Annoying Real Life Math Problem
Mar. 1st, 2007 07:09 pm![[personal profile]](https://www.dreamwidth.org/img/silk/identity/user.png)
Given:
a) You should save at least 10% of your income for retirement and
b) To be sure of not outlasting your money, you should withdraw no more than 4% per year and
c) some simplifying assumptions,
Conclude:
You need to save for 40 years.
a) You should save at least 10% of your income for retirement and
b) To be sure of not outlasting your money, you should withdraw no more than 4% per year and
c) some simplifying assumptions,
Conclude:
You need to save for 40 years.
no subject
on 2007-03-02 02:40 am (UTC)...although currently i'm saving 15% into my 401k and will be raising that next month to 17%. Or so. But I still think I'm doomed. At least I'll be able to cut down to part time... ?? maybe!
no subject
on 2007-03-03 03:18 am (UTC)But wait! Assuming 10% the first 3 years, 15% the fourth year, and 17%
every year after that, I now conclude:
You can retire at age 71.5.
Or you can cut to half-time (4% of your investments = half your income) at 63.
no subject
on 2007-03-02 06:37 pm (UTC)Of course if you are like me, and think that 7% above inflation is optimistic given the current demographics of this country, you may need 15% just to get to 40 years. I'm thinking 5-6% above inflation - a nominal return of 8% or less - may be more realistic long run for the next 20 years or so, given that there will be a lot of boomers retiring and starting to sell off risky assets like stocks, in favor of safer bonds. This can't help but dampen the annual return stocks give.
The big problem is the difficulty of playing catch-up. Half of your retirement income is gained in the last 9 years of the 40 year program - if you start at 30, you lose 5 years if you want to retire at 65, and you come up 30% short - you need to be saving 15%, not 10%, for the rest of your working life just to make up that lost five years. If you start at 40, you need to save the 30% mentioned above to make it a 25 year program.
If anyone is confused about the 4% rule, it comes from the necessity of having a buffer for inflation - if you can earn 5% nominal returns (a reasonable return on the sort of very safe stuff a retiree should have her wealth in), and withdraw 4% in the first year, with a 2.5% inflation rate, you actually slightly increase or maintain your nominal wealth for 20 years of retirement, and then spend it all down to zero over the next 20 years. Most of us won't live 40 years into retirement, so that is a safe approach. The earlier you want to retire, the smaller that "4%" has to be - if you retire at 50, using 4% is taking a big risk, since your probability of living to 90, or seeing lower-than expected returns, is reasonably high. You need a bunch of years of 'buffer' wealth to protect against recessions, higher-than-expected inflation, high medical expenses, etc.
All of this neglects Social Security, which is a reasonable assumption if you want to retire early - you won't have that income until you are in your mid-60s at best, even later if you make reasonable assumptions about the future politics of SS. You don't want to be burning too much of your wealth early in retirement, just to replace social security. SS is at best a supplemental source of income, anyway - many of us may not see much more than a quarter or so of our pre-retirement income from it - proverbial dog-food money. You can burn it just with medical expenses, whether that is medi-gap insurance or medicare co-pays.

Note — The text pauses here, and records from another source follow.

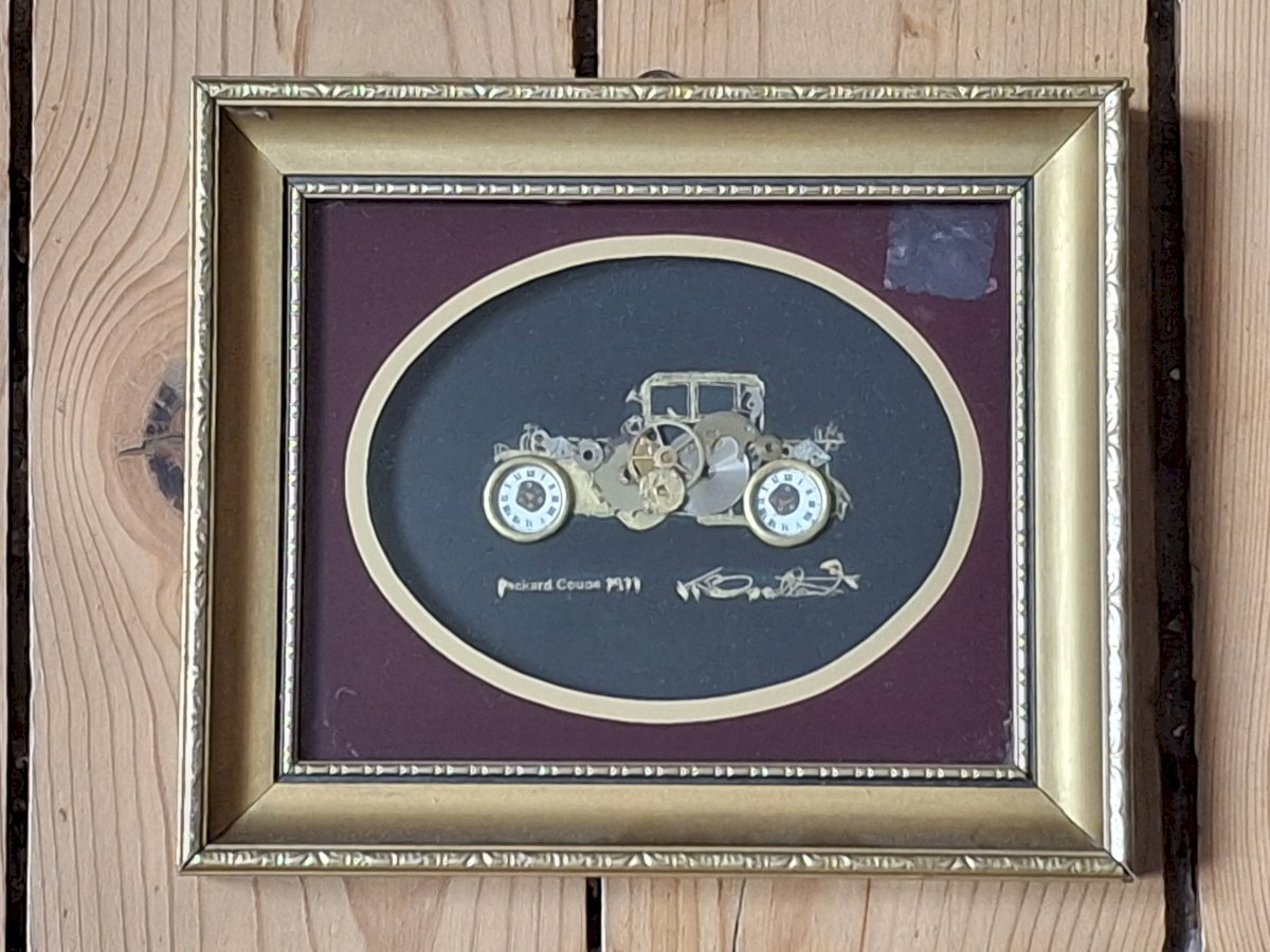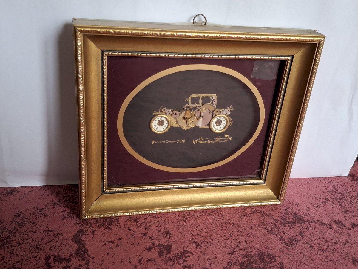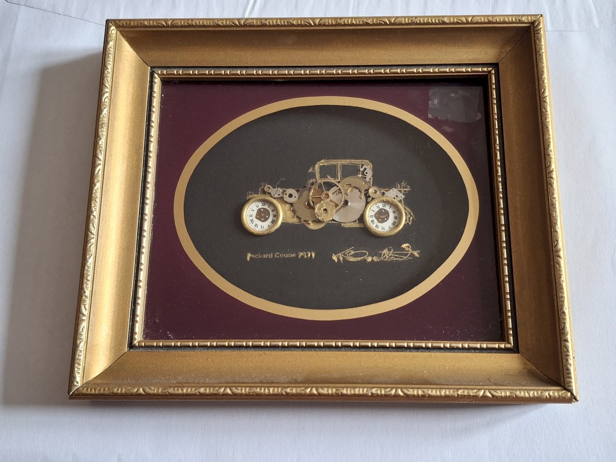 Authentique tableau encadré réalisé par Ken Broadbent avec des pièces d'horlogerie représentant une Packard coupé 1921.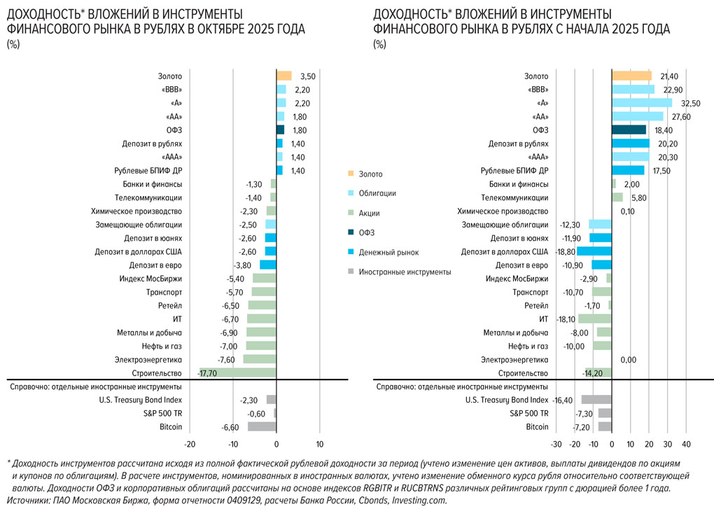 «Рублевые облигации и инструменты денежного рынка (рублевые депозиты, БПИФ денежного рынка) в октябре показали положительную полную доходность. При этом на фоне сохраняющейся геополитической напряженности наибольшая доходность, как и месяцем ранее, была у золота (+3,5%). Инструменты рынка акций, напротив, продемонстрировали отрицательную полную доходность за месяц (от -1,3 до -17,7%). Также отрицательная доходность среди российских финансовых инструментов наблюдалась у валютных депозитов», — отмечается в подготовленном Банком России обзоре рисков финансовых рынков по итогам октября. Интересно, что при этом спрос на валютные депозиты в прошлом месяце вырос: вложения составили 234 млрд в рублевом эквиваленте. Но рублевые депозиты все же остались значительно популярнее — в них, по предварительной оценке, за октябрь поступило 722 млрд рублей.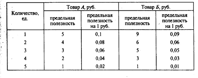Как может быть использован закон убывающей предельной полезности при объяснении потребительского выбора? Предположим, что мы пришли в магазин за покупками, имея 350 руб. Предположим также, что имеется всего два товара: А и Б, цены которых соответственно 50 и 100 руб. Сколько единиц товара А и Б мы купим? Иными словами, как мы распределим наш бюджет на покупку этих товаров, исходя из их полезности?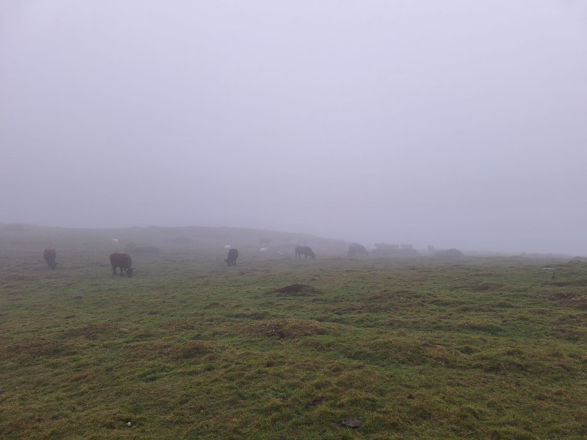 On a grey, foggy, damp January Sunday morning seven brave members (and one dog!) met at Mitchell’s Fold car park for a walk along Stapley and down into Black Marsh. Everyone waterproofed head to toe we proceeded through the drizzle up through the stone circle and along Stapley Common, with visibility at around 10 metres there was not much wildlife to spot except a few interesting lichens clinging to rocks, trees and gorse. To extend the walk the group proceeded down into the shelter of the woodlands on Black Marsh, conversations about the rich array of birds present in the woodland was had…however not a song was heard on this grey morning. Back up onto Stapley hill the group walked up to the cairns marking the highest points of the ridge before heading back down to the car park (with a little detour due to the disorientation of the fog!).

Or you can just go with the logic that age 65 was a reasonable retirement age when we lived 70 years or so on average, but now that we can live 90 or more, it is unreasonable to expect 25+ years of leisure, unless you were extremely thrifty and worked the high-stress, high-hours, high-pay jobs. You can solve a lot of problems in retirement math by working to 70.
no subject
on 2007-03-03 03:33 am (UTC)I thought the 4% thing was more like assume that returns are 7%+ and inflation is 3%+. You have to leave that 3%+ in so that your base doesn't change (ever) and so that only leaves you 4% to withdraw. There's no "and then spend it all down" part.
However, the experts say to calculate the 4% based on how much you had the very first year, and then pull out a little more than that each year due to inflation, and so long as the market doesn't plummet during your early years, you'll probably be okay. Because people are too inflexible (living paycheck to paycheck the way we so adore) to have their actual incomes go up and down with the market.
**
Yes, I do think that eighty is the new sixty-five, but I still don't want to wait that long if I can manage it. It's one of my very few expensive goals in life.
Simpler solution
on 2007-03-05 04:34 pm (UTC)(sally)
Re: Simpler solution
on 2007-03-06 05:27 am (UTC)But then as those years went by, I might find the warm glow of easy math fading a bit.